'''

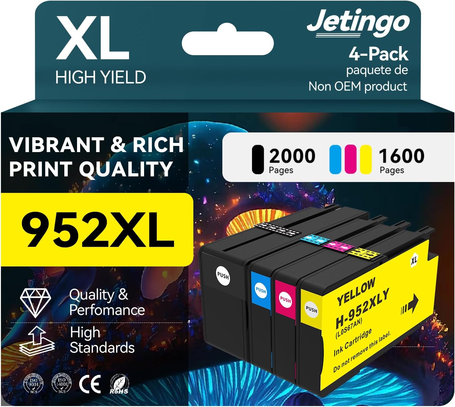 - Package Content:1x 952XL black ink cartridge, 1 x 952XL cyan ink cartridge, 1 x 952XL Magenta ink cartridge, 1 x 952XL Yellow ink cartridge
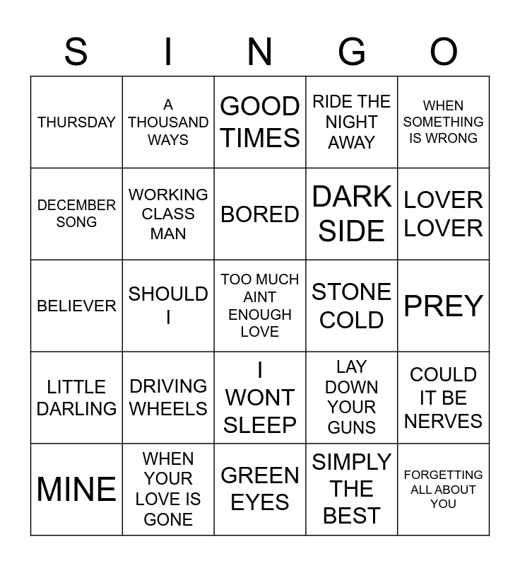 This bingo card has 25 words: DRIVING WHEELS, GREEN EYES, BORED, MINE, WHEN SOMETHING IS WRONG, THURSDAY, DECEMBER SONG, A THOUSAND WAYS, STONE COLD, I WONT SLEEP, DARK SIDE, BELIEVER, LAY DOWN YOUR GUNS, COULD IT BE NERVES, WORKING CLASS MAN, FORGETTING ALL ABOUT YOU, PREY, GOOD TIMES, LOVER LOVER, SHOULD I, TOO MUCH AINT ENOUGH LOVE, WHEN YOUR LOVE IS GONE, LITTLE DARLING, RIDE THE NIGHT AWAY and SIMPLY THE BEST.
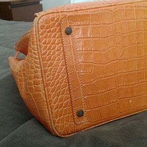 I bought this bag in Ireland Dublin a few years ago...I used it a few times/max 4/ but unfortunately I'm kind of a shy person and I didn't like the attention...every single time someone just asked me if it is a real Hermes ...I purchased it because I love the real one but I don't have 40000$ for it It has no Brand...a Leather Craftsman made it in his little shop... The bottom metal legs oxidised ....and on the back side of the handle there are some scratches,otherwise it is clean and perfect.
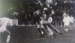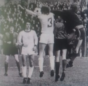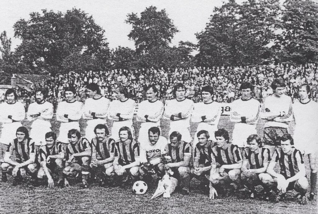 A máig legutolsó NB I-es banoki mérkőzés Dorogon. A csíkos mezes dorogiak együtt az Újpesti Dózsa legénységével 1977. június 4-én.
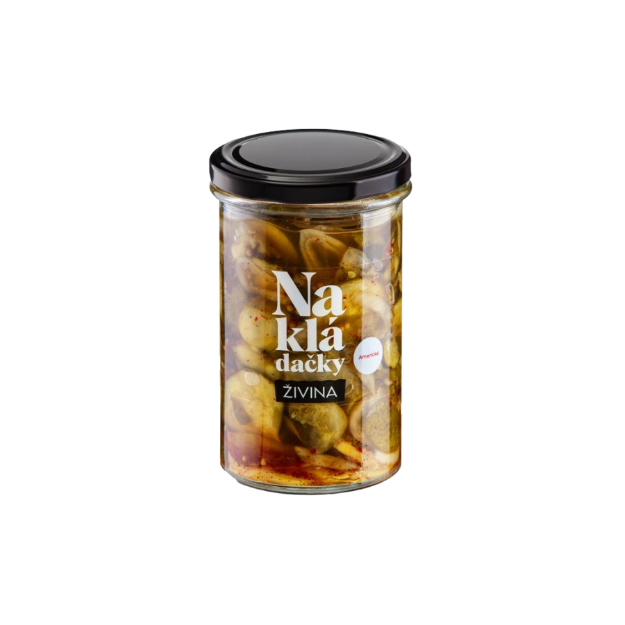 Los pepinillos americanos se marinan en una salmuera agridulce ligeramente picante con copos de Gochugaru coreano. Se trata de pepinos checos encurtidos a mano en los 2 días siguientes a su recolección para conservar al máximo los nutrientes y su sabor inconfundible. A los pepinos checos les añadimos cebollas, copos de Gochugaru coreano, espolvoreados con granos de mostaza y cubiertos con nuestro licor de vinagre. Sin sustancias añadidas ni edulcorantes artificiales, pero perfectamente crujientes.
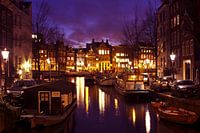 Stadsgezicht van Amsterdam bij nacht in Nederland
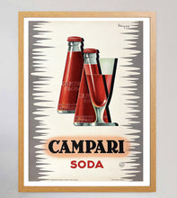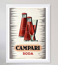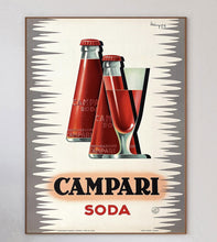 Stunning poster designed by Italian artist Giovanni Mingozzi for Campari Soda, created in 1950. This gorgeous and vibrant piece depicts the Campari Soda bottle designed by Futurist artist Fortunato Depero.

'''

Exercise requirements - Pictures in the records above should not be copied. Repeat everything else exactly.

Answer -
 - Package Content:1x 952XL black ink cartridge, 1 x 952XL cyan ink cartridge, 1 x 952XL Magenta ink cartridge, 1 x 952XL Yellow ink cartridge
 This bingo card has 25 words: DRIVING WHEELS, GREEN EYES, BORED, MINE, WHEN SOMETHING IS WRONG, THURSDAY, DECEMBER SONG, A THOUSAND WAYS, STONE COLD, I WONT SLEEP, DARK SIDE, BELIEVER, LAY DOWN YOUR GUNS, COULD IT BE NERVES, WORKING CLASS MAN, FORGETTING ALL ABOUT YOU, PREY, GOOD TIMES, LOVER LOVER, SHOULD I, TOO MUCH AINT ENOUGH LOVE, WHEN YOUR LOVE IS GONE, LITTLE DARLING, RIDE THE NIGHT AWAY and SIMPLY THE BEST.
 I bought this bag in Ireland Dublin a few years ago...I used it a few times/max 4/ but unfortunately I'm kind of a shy person and I didn't like the attention...every single time someone just asked me if it is a real Hermes ...I purchased it because I love the real one but I don't have 40000$ for it It has no Brand...a Leather Craftsman made it in his little shop... The bottom metal legs oxidised ....and on the back side of the handle there are some scratches,otherwise it is clean and perfect.
 A máig legutolsó NB I-es banoki mérkőzés Dorogon. A csíkos mezes dorogiak együtt az Újpesti Dózsa legénységével 1977. június 4-én.
 Los pepinillos americanos se marinan en una salmuera agridulce ligeramente picante con copos de Gochugaru coreano. Se trata de pepinos checos encurtidos a mano en los 2 días siguientes a su recolección para conservar al máximo los nutrientes y su sabor inconfundible. A los pepinos checos les añadimos cebollas, copos de Gochugaru coreano, espolvoreados con granos de mostaza y cubiertos con nuestro licor de vinagre. Sin sustancias añadidas ni edulcorantes artificiales, pero perfectamente crujientes.
 Stadsgezicht van Amsterdam bij nacht in Nederland
 Stunning poster designed by Italian artist Giovanni Mingozzi for Campari Soda, created in 1950. This gorgeous and vibrant piece depicts the Campari Soda bottle designed by Futurist artist Fortunato Depero.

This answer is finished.